This is a real life experience of what happened when an ASBO was granted on a youth, who along with a group of others was causing a great deal of problems on an estate in Swindon. Although some in the final analysis claimed that the ASBO had been a failure due to many breaches, what must also be judged is not whether the ASBO stops the behaviour of an individual (or whether it returns them forever more to a life on the straight and narrow) but whether those whom have been the victims of the Anti Social Behaviour feel that the ASBO has had such an impact as to have improved their quality of life.

Back in early 2000 a group of youths, led primarily by a youth whom I will refer to as Mali, were terrorising daily local residents who lived in and around the local shops. Their antics, which to some might have appeared to be merely high spirits, were seriously impacting on the quality of life of local residents to the point that many were on the verge having mental health problems due to the relentless levels of stress that it was causing. Whilst the main issue was the way in which the group led by Mali hung and misbehaved around the local shops making people feel very intimidated, other examples of their “high spirited” antics included:
Throwing things at passers by from the roof of the homes above the shops.
Graffiti and other damage on garage doors and vehicles.
Damage to the roof gardens and plants of these same residents.
Threatening and abusing behaviour to local residents, often aimed a females in the company of males to provoke a reaction.
Individual incidents that I am personally aware of included throwing a water balloon through the window of a bus at the driver whilst he was driving with passengers on board, placing a concrete block (conveniently left by the council who had been installing traffic calming build outs) in the road for vehicles to hit and trapping people inside the local Chip shop by pulling down the security shutters whilst people were inside (that also being the only exit from the shop) and the owner had to all the Police so they could get out.

Life had become so gruesome for residents that many sought to move, wouldn’t have friends or family around because of the constant problems and  due to stress even started to have problems at work because of the worry of what they would find when they got home.

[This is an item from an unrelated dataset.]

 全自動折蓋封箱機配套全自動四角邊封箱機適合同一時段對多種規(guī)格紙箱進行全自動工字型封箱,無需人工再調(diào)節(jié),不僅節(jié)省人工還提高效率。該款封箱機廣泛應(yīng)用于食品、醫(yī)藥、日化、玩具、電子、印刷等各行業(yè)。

When home they were unable to rest due to a constant state of alertness that victims of ASB get into. Watching TV you always have an ear open to the noises outside, as you lie in bed unable to sleep as each sound from outside realerts your body to potentially what might be going on.

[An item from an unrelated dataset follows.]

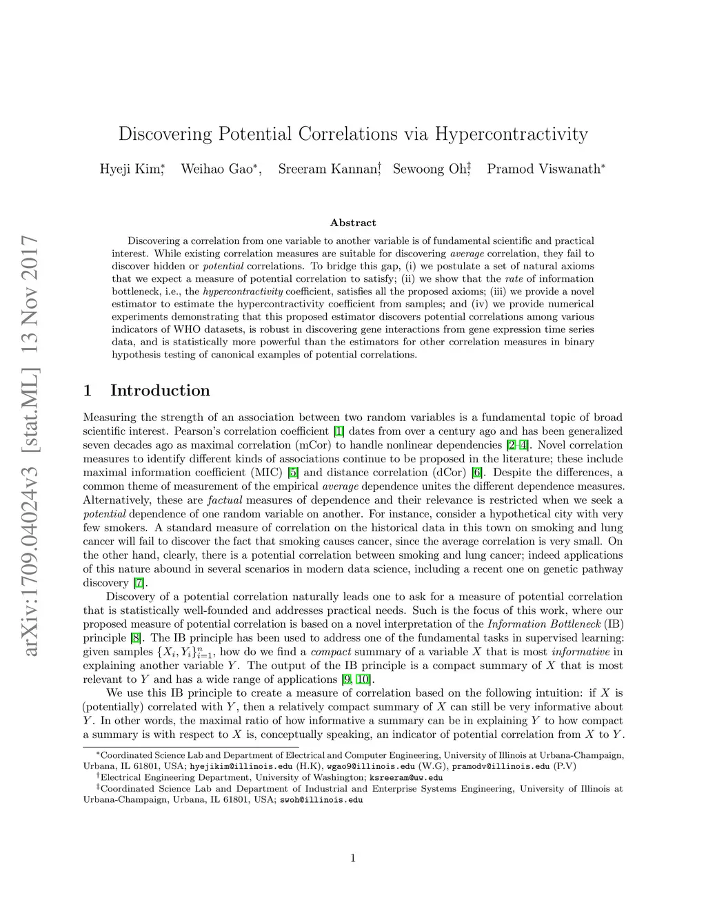 Discovering a correlation from one variable to another variable is of fundamental scientific and practical interest. While existing correlation measures are suitable for discovering average correlation, they fail to discover hidden or potential correlations. To bridge this gap, (i) we postulate a set of natural axioms that we expect a measure of potential correlation to satisfy; (ii) we show that the rate of information bottleneck, i.e., the hypercontractivity coefficient, satisfies all the proposed axioms; (iii) we provide a novel estimator to estimate the hypercontractivity coefficient from samples; and (iv) we provide numerical experiments demonstrating that this proposed estimator discovers potential correlations among various indicators of WHO datasets, is robust in discovering gene interactions from gene expression time series data, and is statistically more powerful than the estimators for other correlation measures in binary hypothesis testing of canonical examples of potential correlations.

Eventually, and after a very long process, an ASBO was granted and widely publicised on Mali, including the restrictions on where he was allowed to go and when and who he was allowed to associate with etc.

Like most youngster his age he of course didn’t like the restrictions placed on him by the ASBO and, as fully expected, breached it’s conditions on quite a few occasions. Each time it was reported he and his family were dragged down the police station, kept hanging around before being interviewed etc. To my knowledge all of the breaches were in relation to where e should not have been as opposed to what he was doing. He actual behaviour had been very much curtailed and, with the group being broken up (the other group members wound their heads in so much it was surprising they could see above their shirt collars), ASB in the area dropped dramatically, peoples lives improved incredibly and although there were still instances of ASB in the area, nothing like the living hell that they had been suffering for years.

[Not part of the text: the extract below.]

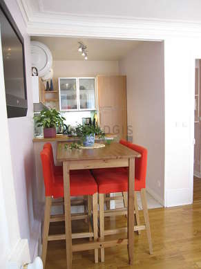 Questo appartamento dispone di una bella cucina con del piastrelle al suolo e tutto l'equipaggiamento essenziale per la vita quotidiana : piani di cottura, frigorifero, forno microonde, congelatore, cappa di aspirazione, tostapane, bollitore elettrico, caffettiera, armadio, stoviglie, sgabello, bar.

Mali did his ASBO and there was publicity about his having turned his life around, although many suspected that this was a stunt to get the ASBO conditions removed earlier. Unfortunately the ASBO had not set him on the straight and narrow road of life as later he was convicted of a violent assault on another youth for which Mali received a custodial sentence.

In analysis people will say that due to the breaches of the ASBO and his later assault, the ASBO system failed, and in the black and white yes or no terms of success or failure maybe the ASBO could been seen as failing. However IMHO there are two important aspects to an ASBO.
The change (or at least the desistence) of the unwelcomed behaviour of the person causing ASB but MORE IMPORTANTLY the protection of  residents who only want to have a peaceable existence.

In the case of Mali, whilst the behaviour was not completely curtailed what I consider the primary objective, the protection of others, was achieved.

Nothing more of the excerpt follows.